The two general classes of soup already mentioned permit of numerous methods of classification. For instance, soups are sometimes named from the principal ingredient or an imitation of it, as the names potato soup, beef soup, macaroni soup, mock-turtle soup testify. Again, both stimulating and nutritious soups may be divided into thin and thick soups, thin soups usually being clear, and thick soups, because of their nature, cloudy. When the quality of soups is considered, they are placed in still different classes and are called broth, bisque, consomme, puree, and so on. Another important classification of soups results from the nationality of the people who use them. While soups are classified in other ways, it will be sufficient for all practical purposes if the housewife understands these three principal classes.
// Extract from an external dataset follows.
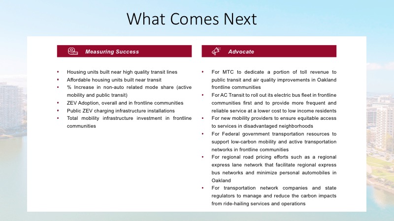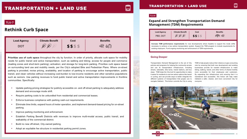Integrated land use and access to safe, reliable, low-cost, high-quality mobility options for every Oaklander enable an equitable transition away from cars. Auto use is minimized, and all remaining vehicles on Oakland roads are electric.

CLASSES DENOTING CONSISTENCY.--As has already been pointed out, soups are of only two kinds when their consistency is thought of, namely, clear soups and thick soups.
CLEAR SOUPS are those made from carefully cleared stock, or soup foundation, and flavored or garnished with a material from which the soup usually takes its name. There are not many soups of this kind, bouillon and consomme being the two leading varieties, but in order to be palatable, they require considerable care in making.
CLASSES DENOTING QUALITY.--When attention is given to the quality of soup, this food divides itself into several varieties, namely, broth, cream soup, bisque, chowder, and puree.
BROTHS have for their foundation a clear stock. They are sometimes a thin soup, but other times they are made quite thick with vegetables, rice, barley, or other material, when they are served as a substantial part of a meal.
CREAM SOUPS are highly nutritious and are of great variety. They have for their foundation a thin cream sauce, but to this are always added vegetables, meat, fish, or grains.
BISQUES are thick, rich soups made from game, fish, or shell fish, particularly crabs, shrimp, etc. Occasionally, vegetables are used in soup of this kind.